The overconfidence and optimism of the developers will morph into frustration and pain when they realize the task is actually much greater and more overwhelming than they first thought. The rewrite will go on much longer than anticipated, not by a little, but by an order of magnitude or more. For the duration of the rewrite, the existing program will languish - buggy and missing features - disappointing existing customers and failing to attract new ones. The rewrite project will, at the end, become a panicked death march to get it done at all costs, and the result will be a codebase that is just as bad as the first one, only in different ways. It will be merely a copy of the first system, because schedule pressures will have dictated that new features be delayed until after an initial release is achieved.

Iterative Refactoring

Given the risks associated with a complete rewrite, I recommend refactoring instead. Refactoring means that the quality of the program is improved in small steps, without changing the functionality of the program. A single, relatively small change is introduced across the entire system. The system is then tested to make sure it still works properly, and finally, the system is put into production. A second small change builds on the previous one, and so on. Over a period of time, the system becomes markedly easier to maintain and improve.

A refactoring approach is decidedly less appealing than a complete rewrite. It defies the core sensibilities of most developers. The developers have to continue working with the system as it is, warts and all, for long periods of time. They do not get to switch over to the latest, hottest framework. They do not get to become their own customers and indulge their desires to do things right the first time. Being a longer-term strategy, the refactoring approach does not appeal to a culture that values rapid development of new applications over patching existing ones. Developers usually prefer to start their own new projects, not maintain older projects developed by others.

However, as a risk-reducing strategy, using an iterative refactoring approach is undeniably superior to a rewrite. The individual refactorings themselves are small compared to any similar portion of a rewrite project. They can be applied in much shorter periods of time than a comparable feature would be in a rewrite, and they leave the existing codebase in a working state at the end of each iteration. At no point does the existing application stop operating or progressing. The iterative refactorings can be integrated into a larger process with scheduling that allows for cycles of bug fixes, feature additions, and refactorings to improve the next cycle.

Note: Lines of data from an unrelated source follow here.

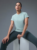 Women Solid Slim Fit Crew Neck T-shirt with TECHNO COOL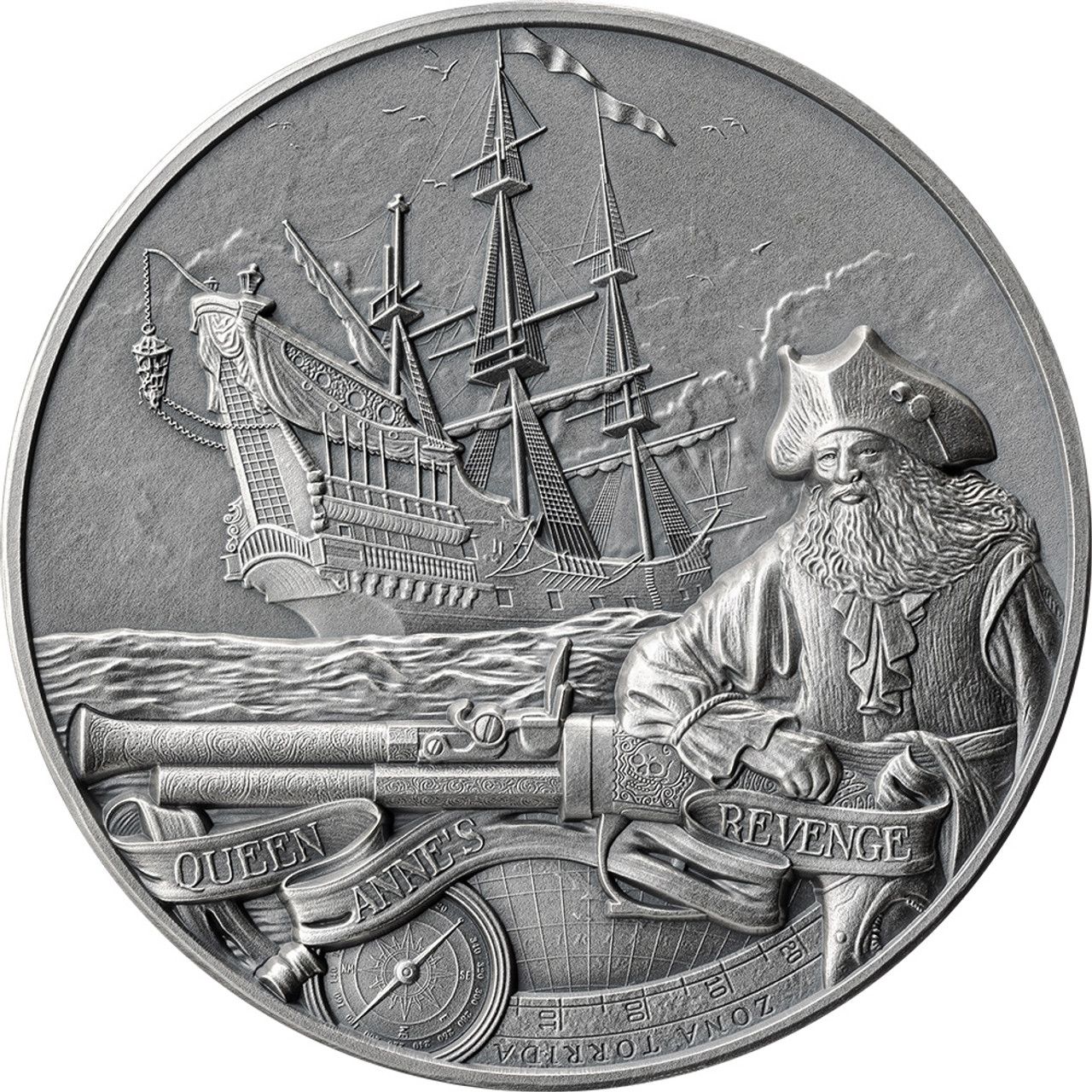 Опис: У центрі зображено череп з піратським капелюхом, ліворуч — герб. Над монетою вказано назву країни та номінал, під монетою — вагу, дату та пробу.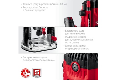 Мощность, Вт 1650. Число оборотов, об/мин 6000-26000. Рабочий ход фрезы, мм 50. Размер цанги, мм 6/8. Макс диаметр фрезы, мм 74. Регулировка оборотов есть. Точная подстройка глубины фрезерования есть. Копирование (по шаблону, по радиусу, фигурное) есть. Патрубок пылеотвода есть. Диаметр патрубка (внут./наруж.), мм 35 / 39. Плавный пуск есть. Поддержание постоянных оборотов под нагрузкой нет. Наличие подсветки нет. Длина кабеля, м 3. Напряжение, В/Гц 230 / 50. Габариты, см 30x18x31. Масса изделия, кг 4.

Finally, the goal of any single refactoring step is not perfection. The goal in each step is merely improvement. We are not trying to realize an impossible goal over a long period of time. We are taking small steps toward easily-visualized goals that can be accomplished in short timeframes. Each small refactoring win will both improve morale and drive enthusiasm for the next refactoring step. Over time, these many small wins accumulate into a single big win: a fully-modernized codebase that has never stopped generating revenue for the business.